Hiroko was an enigma to Maya. Aloof and serious, she always seemed absorbed in her work and her team tended always to be around her, as if she was the queen of a realm that had nothing to do with the rest of the ship. Maya didn’t like that, but there was nothing she could do about it. And something in Hiroko’s attitude made it not so threatening: it was just a fact, the farm was a separate place, its crew a separate society. And it was possible that Maya could use them to counterbalance the influence of Arkady and John somehow; so she did not worry about their separate realm. In fact she joined them more than ever before. Sometimes she went with them up to the hub at the end of a work session, to play a game they had invented called tunneljump. There was a jump tube down the central shaft; all the joints between cylinders had been expanded to the same width as the cylinders themselves, making a single smooth tube. There were rails to facilitate quick movement back and forth along this tube, but in their game, jumpers stood on the storm shelter hatch, and tried to leap up the tube to the bubble dome hatch, a full five hundred meters away, without bumping into the walls or railings. Coriolis forces made this effectively impossible, and flying even halfway would usually win a game. But one day Hiroko came by on her way to check an experimental crop in the bubble dome, and after greeting them she crouched on the shelter hatch and jumped, and slowly floated the full length of the tunnel, rotating as she flew, and stopping herself at the bubble dome hatch with a single outstretched hand.

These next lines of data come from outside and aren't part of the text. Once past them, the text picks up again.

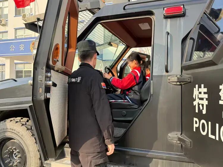 在講解員的帶領(lǐng)下,隊(duì)員們參觀了特警裝備和工作環(huán)境,大家圍攏觀察防毒面具、盾牌、戰(zhàn)術(shù)器械等設(shè)備,好奇中帶著敬畏。一輛黑色裝甲車靜靜停駐,車身寫著醒目的“特警”與“POLICE”,車內(nèi)結(jié)構(gòu)清晰可見,令人感受到現(xiàn)代警務(wù)的專業(yè)與威嚴(yán)。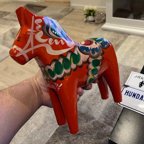 Grannas A Olsson Dalahäst i trä, röd med traditionell målad dekor. Handgjord i Mora, Sverige, med färgstarka mönster i blått, grönt, gult och svart. Ett dekorativt föremål som representerar svensk folktradition.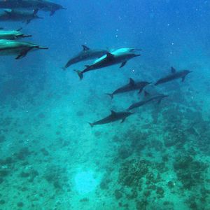 We saw a lot of dolphins on the way to the point. I was excited to see baby dolphins jumping and being quite friendly. Unfortunately, we couldn't find any sea turtles at the point, but we enjoyed snorkeling there. The local staff were fishing.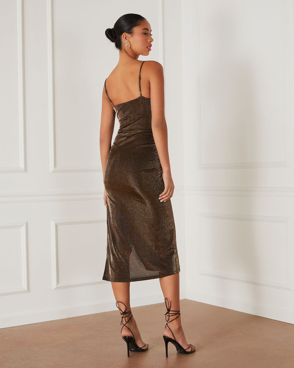 Holidate Gece Metalik Örgü Yırtmaçlı Midi Elbise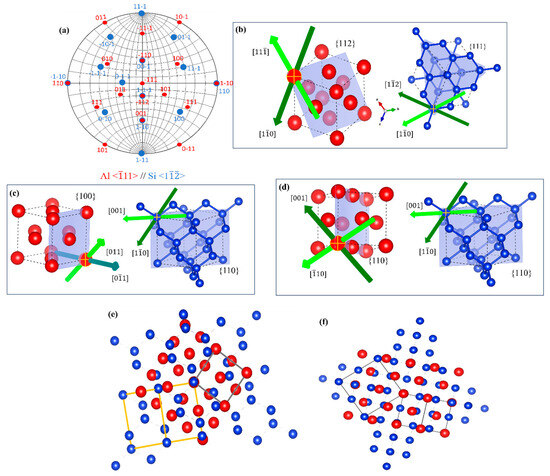 LSR Al-20Si alloy: (a) stereographic projection along the Al<111>//Si<112> direction, (b) atom models highlighting the (b) {112}Al (left side denoted by red color atoms) and {111}Si (right side denoted by blue color atoms) planes, (c) {001}Al (left side denoted by red color atoms) and {110}Si (right side denoted by blue color atoms) planes, (d) {110}Al (left side denoted by red color atoms) and {110}Si (right side denoted by blue color atoms) planes, (e) interface plane looking down from {112}Al//{111}Si, and (f) interface plane looking down from {001}Al//{110}Si.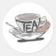 Ilustração de um teacup em um disco de porcelana, com uma panela ou biscoito e uma colher de chá. Uma foto para amantes de chá, desenhada em estilo retrô com meio-tom.

The players stared up the tunnel in stunned silence.
“Hey!” Rya called to Hiroko. “How did you do that?”
“Do what?”
They explained the game to her. She smiled, and Maya was suddenly certain she had already known the rules. “So how did you do it?” Rya repeated.
“You jump straight!” Hiroko explained, and disappeared into the bubble dome.

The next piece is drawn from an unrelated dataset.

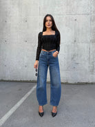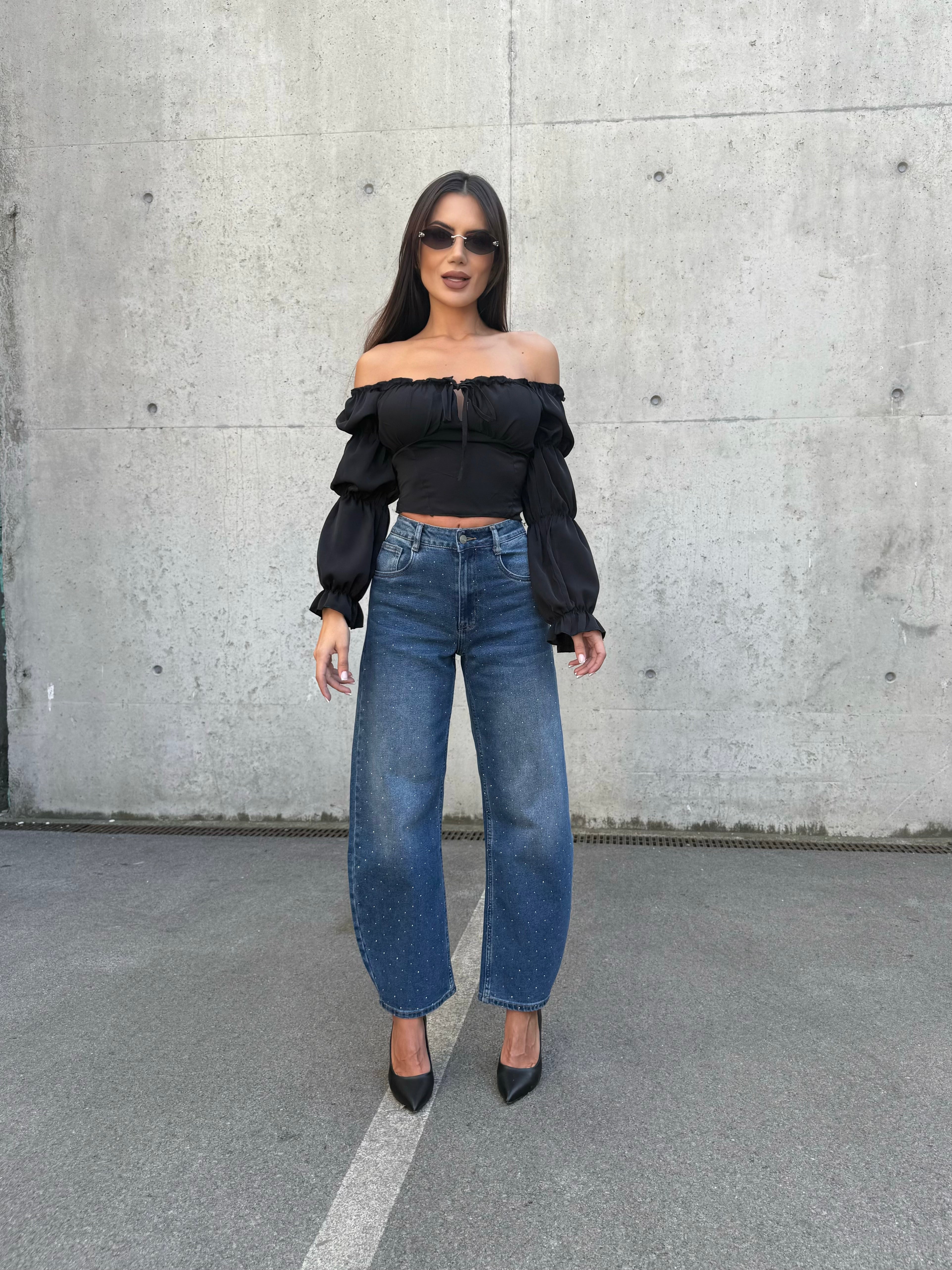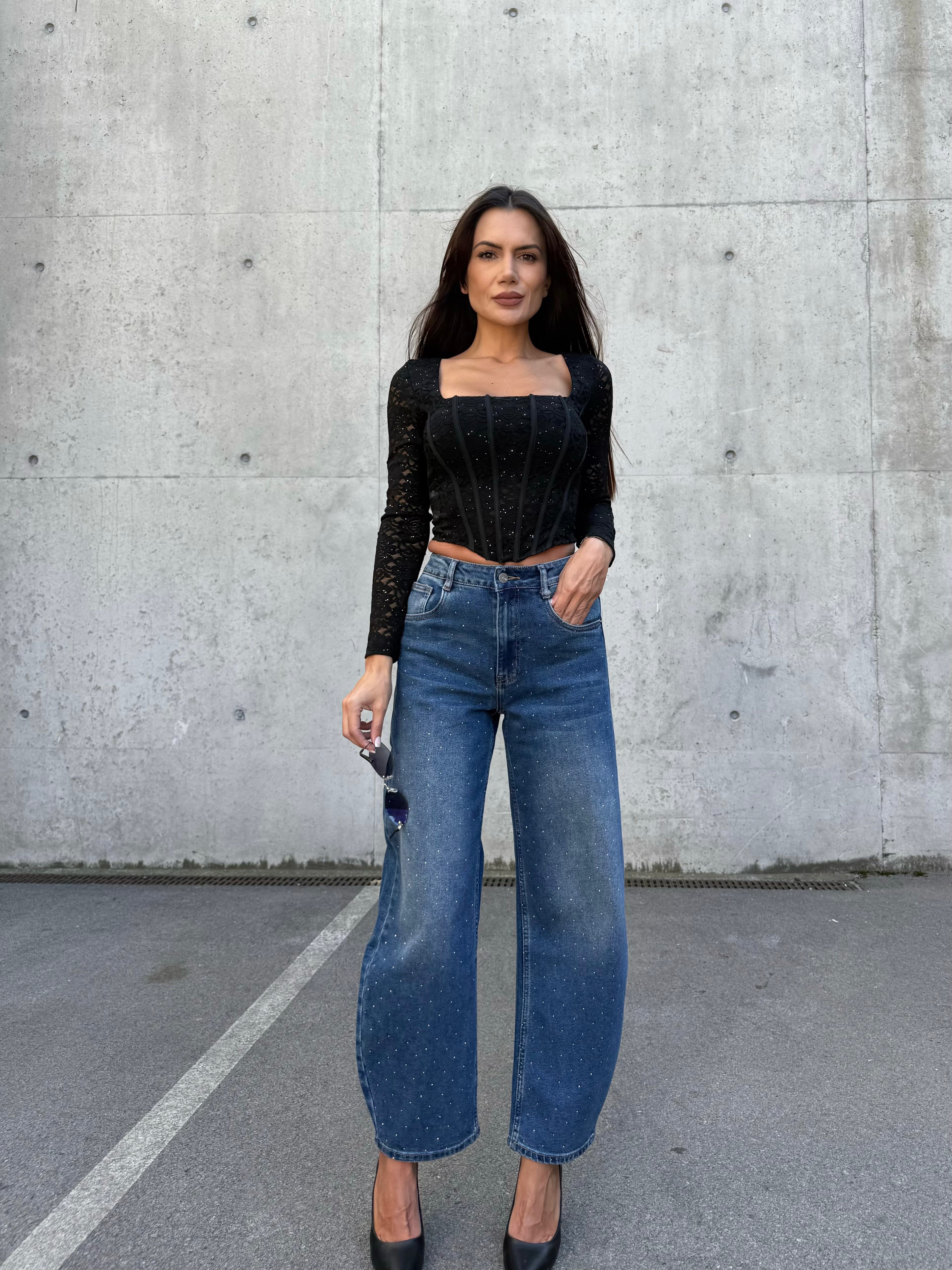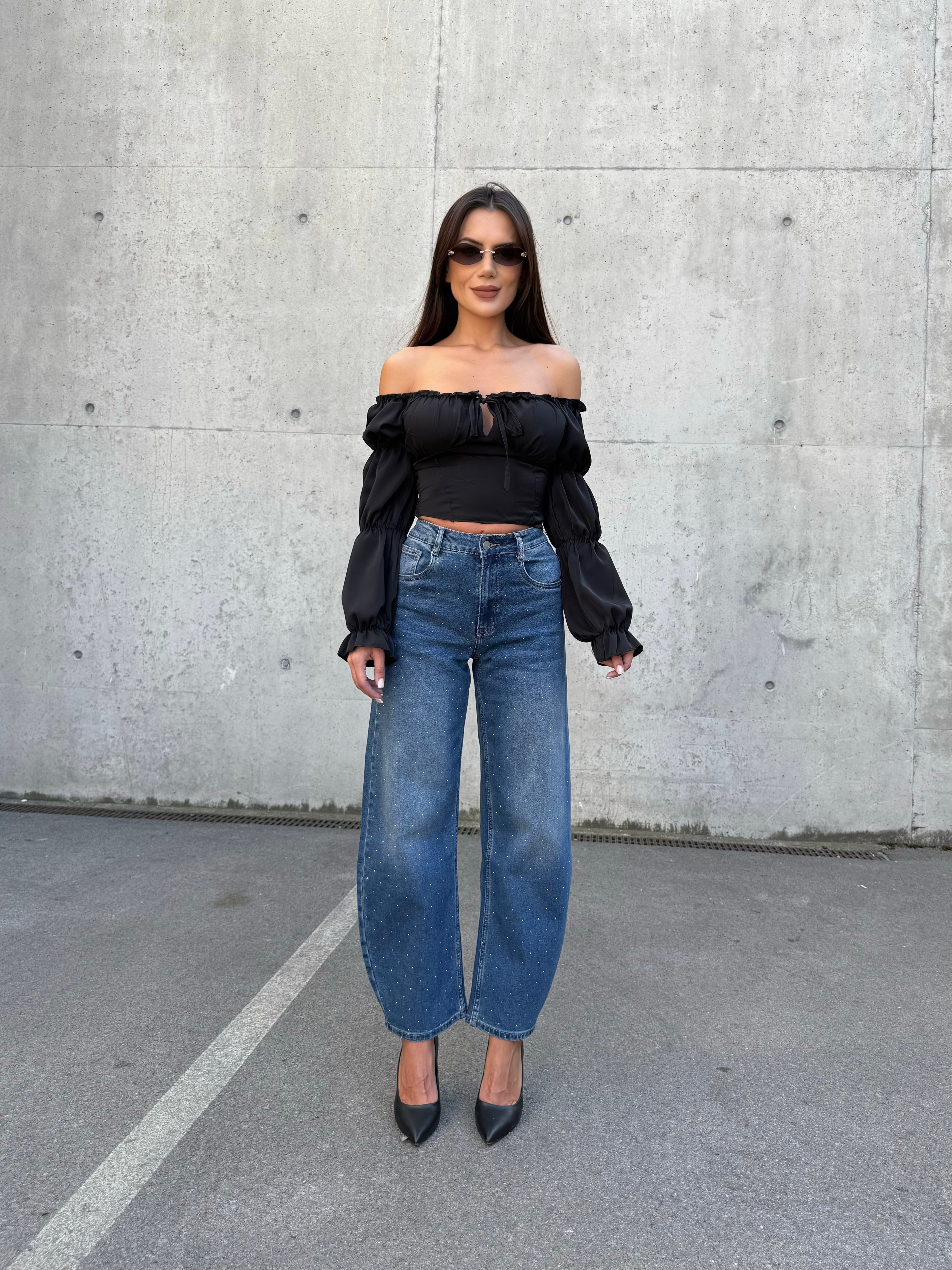 Създадени да привличат внимание, дънките BALLOON DENIM комбинират модерния балон силует с изящна декорация от камъни. С висока талия, комфортна кройка и елегантно падане, те са идеалният избор за всяка визия – от ежедневен street style до вечерен изискан аутфит.

That night at dinner the story got around. Frank said to Hiroko, “Maybe you just got lucky.”
Hiroko smiled. “Maybe you and I should total twenty jumps and see who wins.”
“Sounds good to me.”
“What’ll we bet?”
“Money, of course.”
Hiroko shook her head. “Do you really think money matters anymore?”
A few days later Maya floated under the curve of the bubble dome with Frank and John, looking ahead at Mars, which was now a gibbous orb the size of a dime.
“A lot of arguments these days,” John remarked casually. “I hear Alex and Mary got into an actual fight. Michel says it’s to be expected, but still …”
“Maybe we brought too many leaders,” Maya said.
“Maybe you should have been the only one,” Frank jibed.
“Too many chiefs?” said John.
Frank shook his head. “That’s not it.”